It’s Tuesday, my loves, so you know what that means – another edition of Tasty Tuesday!
Today I am going to share with you the easiest way I know of to make roasted potatoes – and make them extra delicious. This is probably also one of the healthier ways to make a potato side dish because you roast them and use extra virgin olive oil, instead of frying them or using butter. I love potatoes for a side dish with chicken, beef, pork, and seafood (for those who eat it in this house) and am always trying to come up with new ways to make them. Using baby potatoes, like in this recipe, cuts out a lot of cooking prep time and makes for a super easy side dish.

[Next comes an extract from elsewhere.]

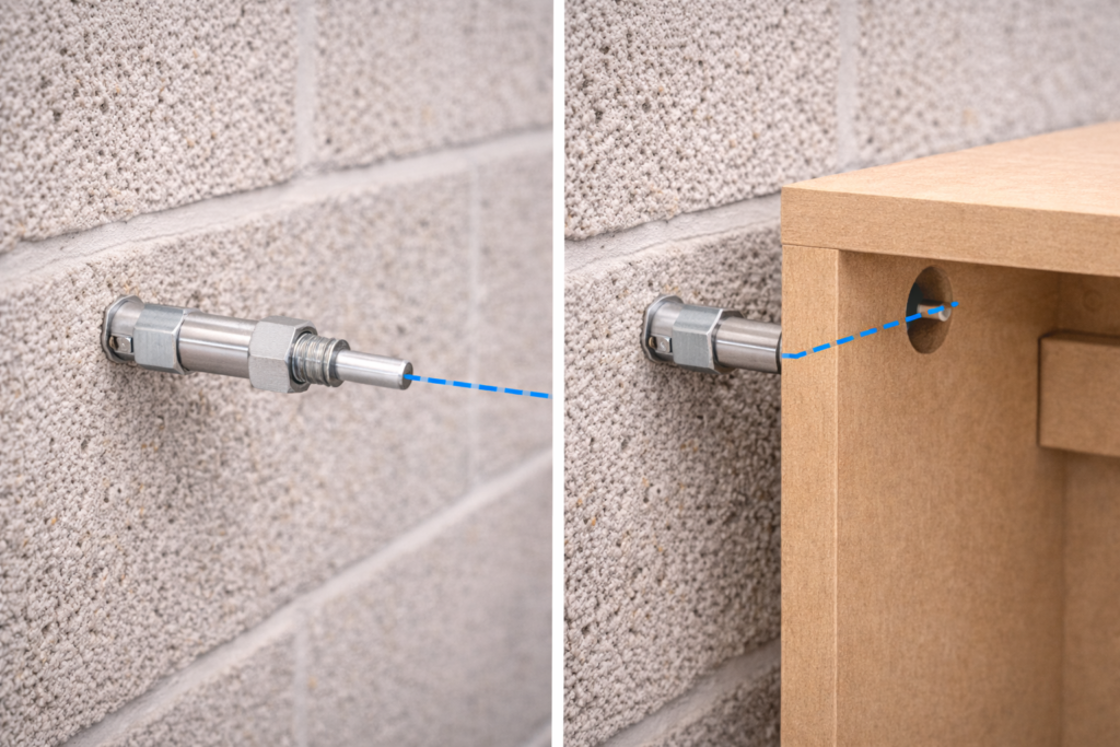 A furação no móvel precisa ser perfeitamente alinhada com a furação da parede. Gabaritos, níveis a laser ou moldes de papel evitam erros cumulativos. Na parede, buchas químicas são a escolha profissional para alvenaria; em drywall, a fixação deve coincidir obrigatoriamente com os montantes estruturais.

My mama inspired this recipe, so thank you to her for this super yummy-in-your-tummy and efficient way to make a great side dish!

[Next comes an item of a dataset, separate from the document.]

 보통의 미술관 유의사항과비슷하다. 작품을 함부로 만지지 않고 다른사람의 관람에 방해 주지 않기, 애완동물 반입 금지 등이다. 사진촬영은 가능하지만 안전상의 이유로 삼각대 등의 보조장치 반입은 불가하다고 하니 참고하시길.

Here’s what you will need:
- bag of baby potatoes (I used red and gold ones)
- freshly grated parmesan cheese — if you don’t want to grate it yourself, spring for the pre-grated kind in the deli section (If you use the green container, the parm won’t stick to the potatoes quite as well)
- extra virgin olive oil
- salt and pepper
- herbs of your choice – I used 1/2 tablespoon of dried oregano and 1 tablespoon of garlic powder
- a baking dish
See!! How easy is this already?! You really have 3 main ingredients – the potatoes, extra virgin olive oil, and parmesan. Then just use whatever seasoning you have in your pantry + salt and pepper.
Here’s how to make them:
Start by preheating your oven to 425 degrees. I know this sounds kind of hot, but that’s the way to roast potatoes and get them cooked through, while also creating a nice crispy edge to them.
While the oven is preheating, it’s time to get your prepwork done. Wash and halve your potatoes, grate (or grab) your parmesan cheese, combine your herbs, and get the olive oil out. Take a baking dish and put a nice thin layer of the olive oil on the bottom, sprinkle your herbs evenly and add desired salt and pepper*, and top with the parmesan cheese. Once you do that, lay the halved potatoes flat side down directly on top of the olive oil/parm/herb mixture. Push them down a bit and make sure they don’t overlap, for even cooking.
*Note – I do not add a ton of salt or pepper – I feel like you can add this as desired at the end. Parmesan is a saltier cheese, so you won’t need as much salt as you may think. And you can always add salt back into a dish, you can never take it out. And an overly salty dish is no bueno!
Bake these in the oven for 30-40 minutes, based on your desired doneness.
When you take them out, they will be more shriveled up – you will want to be sure they are fork tender (so pierce with a fork and make sure it goes all the way through), and it’ll also look like there is excess oil in the pan. These beauties need to sit for 5 or so minutes so that the oil can soak back into them and the parmesan cheese crisps up and sticks to the potatoes.
(Right after they come out of the oven – see the appearance of excess oil.)
(After they sit and rest for about 5 minutes)
The parmesan crisps up and attaches itself to the potatoes. Use a spatula to get under the parmesan so it sticks with the potato.
And that’s it! Super simple and super delicious. Add a side of sour cream and chives or some ranch dip for a little extra flava flav. This dish is very easy to make, but also adds an elegant feel to your meal.